Return the listing below unchanged, but without pictures.

MATERIAL PROVIDED
- - -

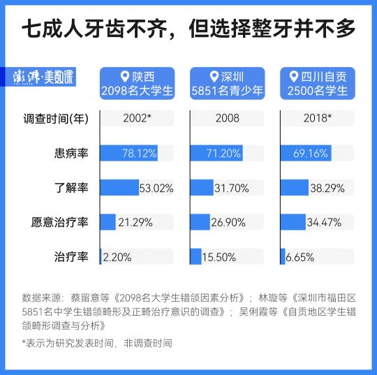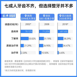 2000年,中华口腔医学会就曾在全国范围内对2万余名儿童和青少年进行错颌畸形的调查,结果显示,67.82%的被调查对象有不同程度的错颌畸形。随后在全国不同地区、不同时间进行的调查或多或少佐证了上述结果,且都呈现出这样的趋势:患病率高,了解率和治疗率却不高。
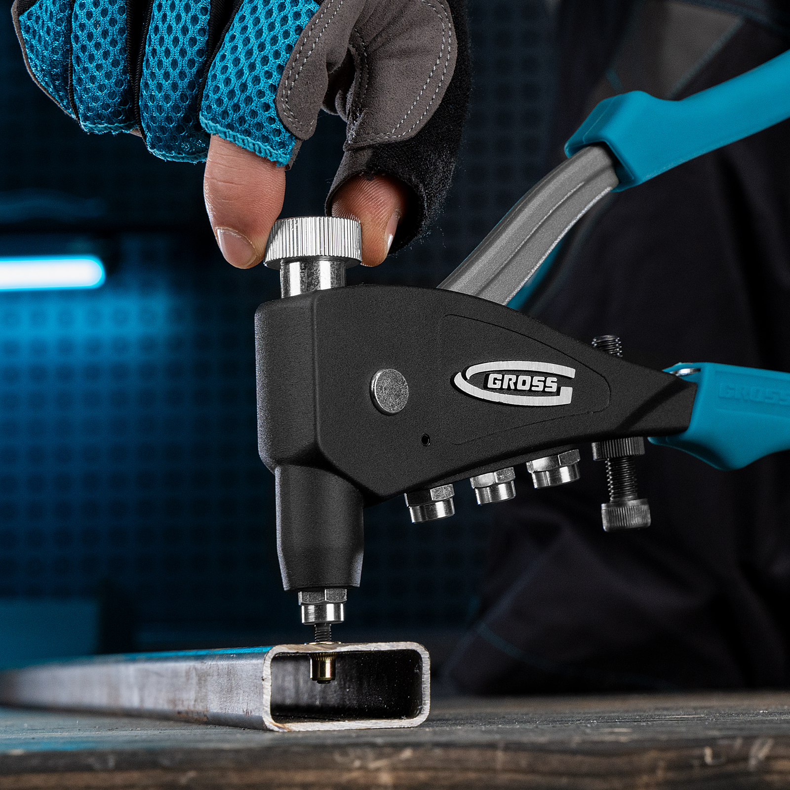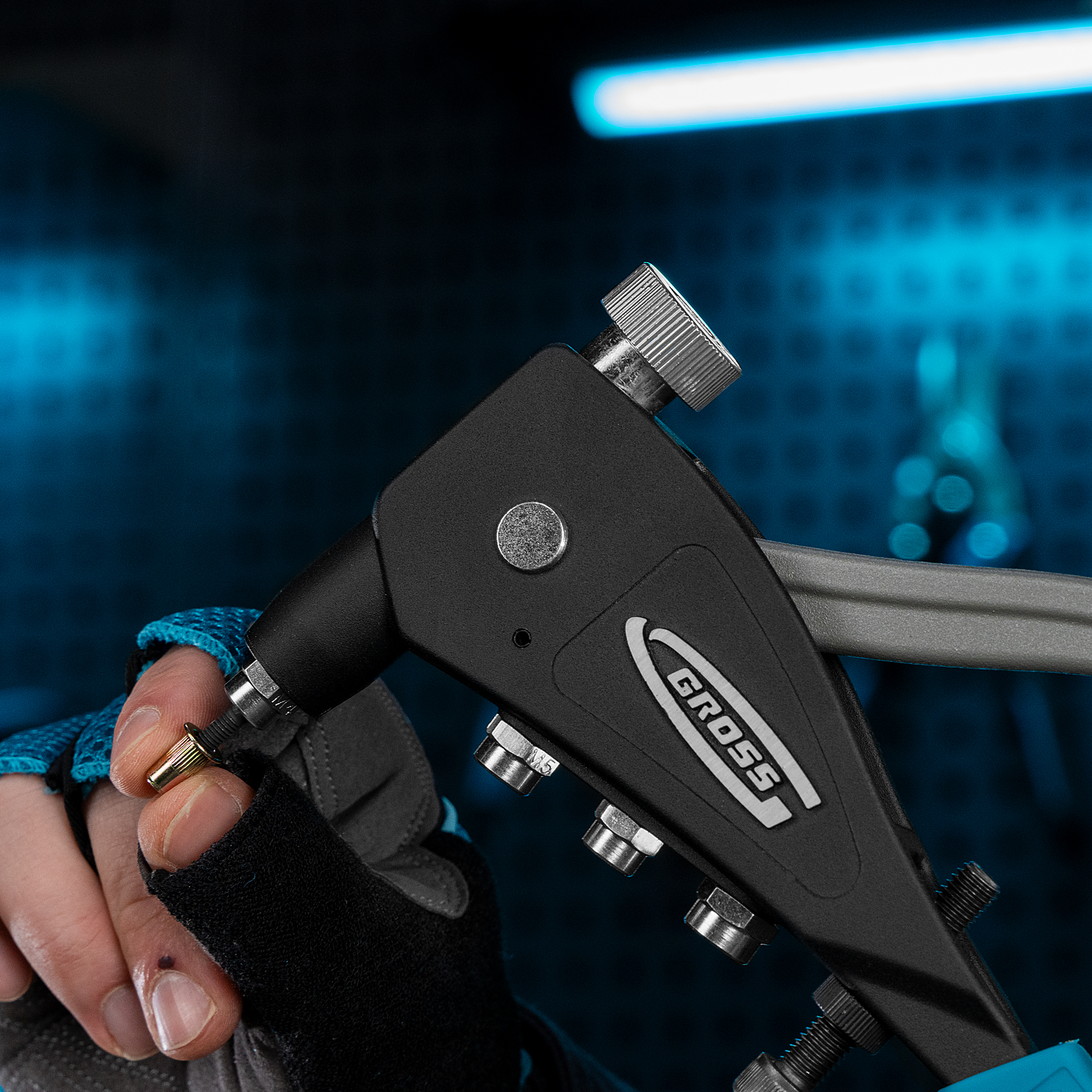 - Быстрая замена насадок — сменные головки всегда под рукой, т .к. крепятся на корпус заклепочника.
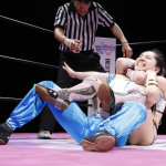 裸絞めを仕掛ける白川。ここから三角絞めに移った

- - -

ANSWER
 2000年,中华口腔医学会就曾在全国范围内对2万余名儿童和青少年进行错颌畸形的调查,结果显示,67.82%的被调查对象有不同程度的错颌畸形。随后在全国不同地区、不同时间进行的调查或多或少佐证了上述结果,且都呈现出这样的趋势:患病率高,了解率和治疗率却不高。
 - Быстрая замена насадок — сменные головки всегда под рукой, т .к. крепятся на корпус заклепочника.
 裸絞めを仕掛ける白川。ここから三角絞めに移った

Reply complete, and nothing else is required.